Customers get to define the expectations, rather than having to manually set thresholds, the AI does the rest. The setup time for all of this is a few seconds, so let's have a quick look at Mist in comparison with the competition. So here we can see on the right hand side the Mist cloud, and it is a fairly complicated environment, but this is all managed as a service by Mist.

So the customer's view is a simple web GUI that takes around five minutes to get up and running, to get access points connected, a basic configuration put on, and clients starting to use the system. From the moment the first client and the first access point connect to the system, it begins its learning process to understand the normalities of this site. And more importantly, once it's understood those normalities, to be able to spot any deviation from that normality and report that to the rest of the system.

So let's look at these 150 things that we claim we collect every couple of seconds. So these are broken into two main groups. I'm not going to read all of them out, but you can see them there on the screen, and this is available through the GUI as well.

So from an access point of view, we break it down into positive, neutral, and negative events. So positive events are things people connecting, things being configured, and things being claimed and upgraded and all those sort of things. Neutral events are basically things that are getting information.

So they're not a good or bad, they're just reporting information. And then the negative events are things going wrong. So DFS events, DHCP failure events, man-in-the-middle attacks, reflection, network traffic reflection, great for picking up spanning tree loops.

So these are the sort of information we're gathering from an access points perspective. On the right hand side, we can see on the client perspective, we gather even more information. So here we can actually understand any roaming issues.
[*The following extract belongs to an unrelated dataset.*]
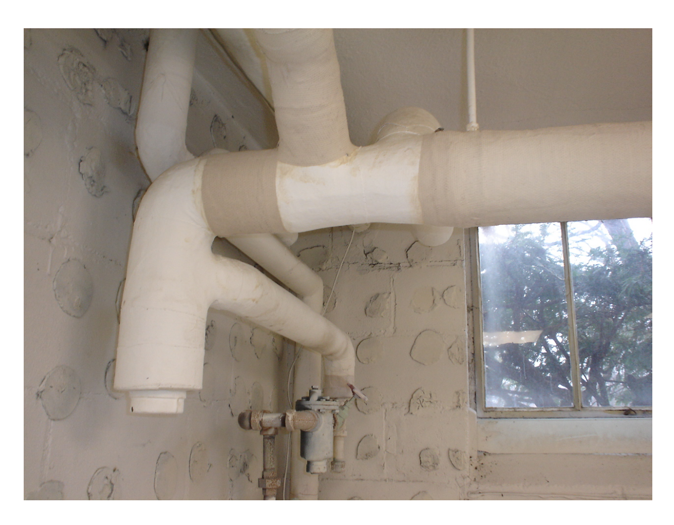
HA #2 – Asbestos-containing steam and condensate supply and return pipe joint and hanger insulation

We can see, again, we've got positive, neutral, and negative events. So a client associating or roaming successfully is a positive event. Whereas a client actually being deauthenticated or roaming away from the network, it's not positive, it's not negative, it's just one of those things that happens.

And then we have the negative events, such as authorization failures, key failures, DNS failures, DHCP failures. And this is just some of the data that we gather about the system. And this is the data you can turn on and off.

There's a whole section of data underneath this on signal strengths and other such things that are gathered regardless. So we don't gather all of these events every two seconds, of course. We gather the relevant piece of information from each client every two seconds.

So what does this lead to? Rather than having all of this information shown about 150 or as many clients as you have on the network, say you had 10,000 clients, each with 150 different states, that would be a very difficult thing to display in a useful way. So these get translated into the service level expectations. We'll go into these in a lot more detail in a moment, but just to give you a really high level of what these are about.

So time to connect. So this is the end user's experience of saying, I want to connect to the wireless LAN and then hitting the internet, i.e. hitting the default gateway. So a number of things happen between those two points in time.

But what this metric is all about is understanding the delta between those two points in time, because that will give a very good indication of that end user's experience. Now, if that's a DHCP issue or a DNS issue or an authorisational authentication issue, that's to some extent less important. It's more about understanding how that's impacted the end user's experience.

Because if a DHCP server fails to provide an address a couple of times, but it still manages to do that in a very short period of time, then that's not an issue for the end user. The end user wouldn't notice that because they still connected within the time. If we look at throughput, trying to understand throughput on a network is almost impossible because it's entirely dependent on the mix of clients.

Each client has a different set of capabilities and each client may be a different distance from the access point. And as the distance increases, the data rate reduces. So the throughput of an access point or of an entire wireless network is very difficult to measure.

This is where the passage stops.